Because of their association with the subject of death, gravediggers have made notable appearances in literature. Perhaps the most famous of these occurs during Act 5, Scene 1 of Shakespeare's Hamlet, where Hamlet and Horatio engage in dialogue with one of the grave-makers (called "First Clown") as he is digging Ophelia's grave. The Gravediggers (or Clowns) make their one and only appearance at the beginning of the act. They enter and begin digging a grave for the newly deceased Ophelia, discussing whether or not she deserves a Christian burial after having killed herself.

When together, the Gravediggers speak mainly in riddles and witty banter regarding death, with the first asking the questions and the second answering.

GRAVEDIGGER: What is he that builds stronger than either the mason, the shipwright, or the carpenter?
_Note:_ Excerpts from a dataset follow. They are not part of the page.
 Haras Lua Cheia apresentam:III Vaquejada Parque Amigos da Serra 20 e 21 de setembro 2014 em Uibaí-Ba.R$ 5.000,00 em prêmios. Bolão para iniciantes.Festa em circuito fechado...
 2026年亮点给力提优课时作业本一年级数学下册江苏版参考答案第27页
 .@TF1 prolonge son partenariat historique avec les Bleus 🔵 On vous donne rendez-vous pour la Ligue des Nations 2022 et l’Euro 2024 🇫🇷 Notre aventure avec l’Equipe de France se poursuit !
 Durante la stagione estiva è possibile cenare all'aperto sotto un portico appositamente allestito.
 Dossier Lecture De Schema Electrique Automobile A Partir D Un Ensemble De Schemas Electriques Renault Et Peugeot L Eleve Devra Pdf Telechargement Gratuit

OTHER: The gallows-maker, for that frame outlives a thousand tenants.
— V.i., 38–41

and later in the scene:

GRAVEDIGGER: And when you are asked this question next, say "A grave-maker". The houses that he makes last till doomsday.
— V.i., 53–55

Soon, Hamlet enters and engages in a quick dialog with the first Gravedigger. The scene ends with Hamlet's soliloquies regarding the circle of life prompted by his discovery of the skull of his beloved jester, Yorick. The First Clown unearths Yorick's skull, prompting Hamlet to deliver the memorable lines: "Alas, poor Yorick! I knew him, Horatio: a fellow of infinite jest, of most excellent fancy".

==Industrial action==

In 1979, in what came to be called the Winter of Discontent, British gravediggers and crematorium workers in Liverpool and Manchester, took industrial action for the first time. At a January strike committee meeting in the Liverpool, local convener for the General and Municipal Workers' Union (GMWU) Ian Lowes was asked if the gravediggers and crematorium workers he represented would join the large number of public sector employees already taking action. He accepted, as long as the other unions followed; and the GMWU's national executive approved the strike.
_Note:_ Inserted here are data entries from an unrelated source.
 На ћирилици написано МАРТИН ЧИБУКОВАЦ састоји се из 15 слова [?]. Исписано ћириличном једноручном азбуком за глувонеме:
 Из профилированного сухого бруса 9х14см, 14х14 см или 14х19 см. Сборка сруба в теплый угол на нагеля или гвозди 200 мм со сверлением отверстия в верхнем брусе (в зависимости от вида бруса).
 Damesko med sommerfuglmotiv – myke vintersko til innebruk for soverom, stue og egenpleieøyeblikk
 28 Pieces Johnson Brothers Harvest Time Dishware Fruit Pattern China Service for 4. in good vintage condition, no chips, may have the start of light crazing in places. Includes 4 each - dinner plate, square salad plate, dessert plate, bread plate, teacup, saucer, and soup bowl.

Those unions had never gone on strike before with the GMWU being known as the most conservative and least militant of the public employee unions. Faced with the growing threat from the National Union of Public Employees (NUPE) and the Confederation of Health Service Employees, both of which were growing more quickly, it was trying not to be what members of those unions called the 'scab union'.
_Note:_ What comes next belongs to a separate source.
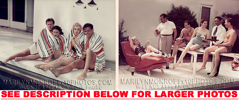 YOUARE PURCHASING 2 CANDID & RARE MARILYN MONROE POOLSIDE withFRIENDS (2) 8x10 FINE ART PHOTOS The (2) 8x10 Candid & Fine Art Photos you willreceive, (shown below) are from a Private Collection. COPYRIGHTS: (please see bottom of thispage) These Candid, One of a kind pictures are Professionally photo-printed utilizing the GICLEE printing process onto GALERIE SmoothGloss Archival & Acid-free High Resolution Photo-Lab quality paper. As well, we use only Giclee pressheated Archival Printing Inks. This is Kodak's most expensive Ink, which creates higher & more vivid quality Photos & longer lasting prints than any other Photographic Ink in the world!! This Ultra Premium Kodak Super Color/Photo Gloss Pigment Based Printing Ink also shields photos from the key factors that lead to fading such as light, air, pollution, moisture and heat. This is due to the Spectacularly Innovative "colorlast" technology applied to this KodakPIGMENTInk, which allows your Photos to virtually resist any picture fading for at least 100 years. Meaning, the vibrant colors in the Photos you see below will be the exact same vibrant colors your descendants will see when viewing your Photos 100 years from now! NOTE PLEASE** WE ARE ALWAYS LISTING DIFFERENT MARILYN MONROE PHOTOS & PHOTO CREATIONS. IFYOU WOULD LIKE TO BE NOTIFIED THE NEXT TIME WE LIST MORE UNIQUE AND DIFFERENT PHOTOS OF MARILYN MONROE PLEASE EMAIL US  8x10 PHOTO#1  8x10 PHOTO#2  CLICK HERE TO VIEW MORE MARILYN MONROE 8x10PHOTOS!
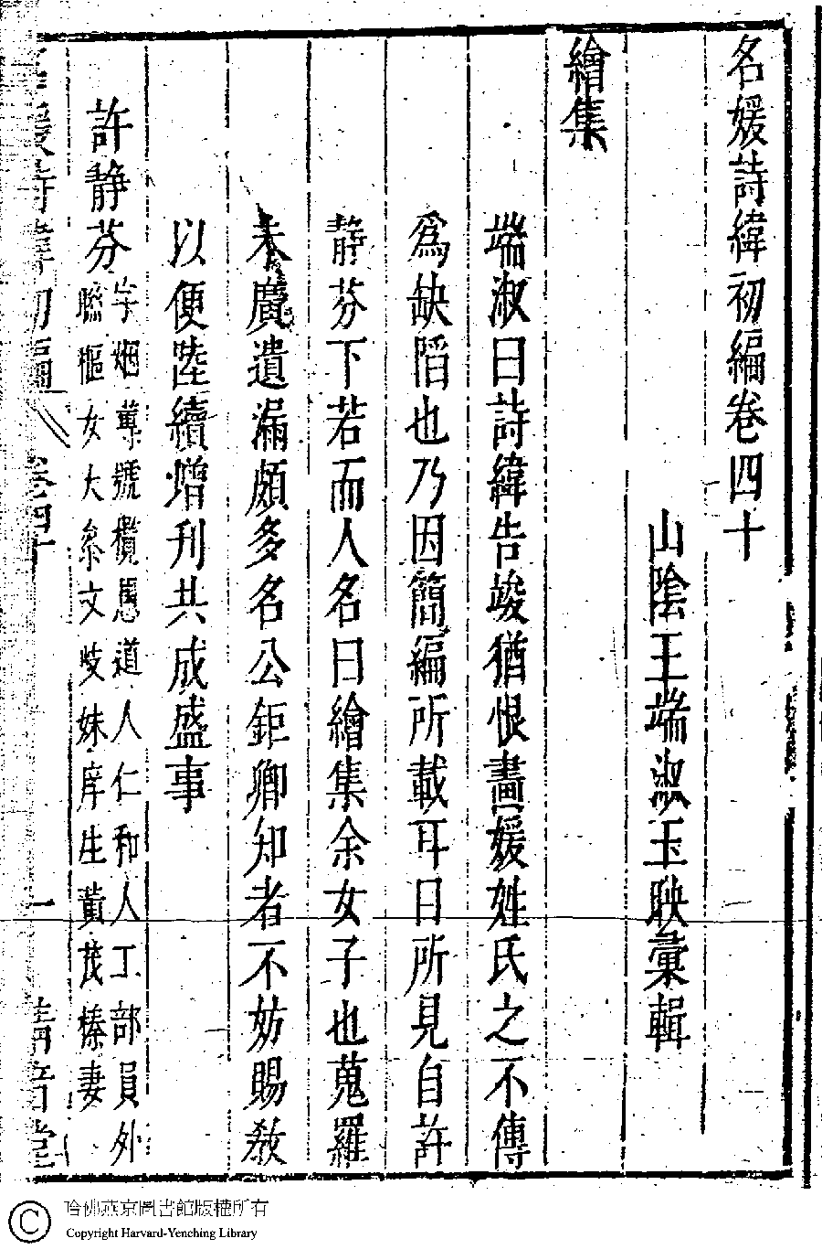 名媛詩緯初編(清王端淑輯)。清康熙六年(1667)清音堂刻本

The ensuing strike, in Liverpool and in Tameside near Manchester, was later frequently referred to by Conservative politicians. With 80 gravediggers on strike, Liverpool City Council hired a factory in Speke to store corpses until they could be buried. The Department of Environment noted that there were 150 bodies stored at the factory at one point, with 25 more being added every day. The reports of unburied bodies caused public concern. On 1 February a persistent journalist asked the Medical Officer of Health for Liverpool, Dr Duncan Bolton, what would be done if the strike continued for months, Bolton speculated that burial at sea would be considered. Although his response was hypothetical, in the circumstances it caused great alarm. Other alternatives were considered, including allowing the bereaved to dig their own funeral's graves, deploying troops, and engaging private contractors to inter the bodies. The main concerns were said to be aesthetic because bodies could be safely stored in heat-sealed bags for up to six weeks.

The gravediggers eventually settled for a 14 per cent pay rise, after a fortnight off the job. In their later memoirs, Labour Leader James Callaghan and Chancellor of the Exchequer Denis Healey both blamed NUPE for letting the strike go on as long as it did, as would Conservatives. While the Tameside gravediggers had been members of that union, those in the Liverpool area were GMWU.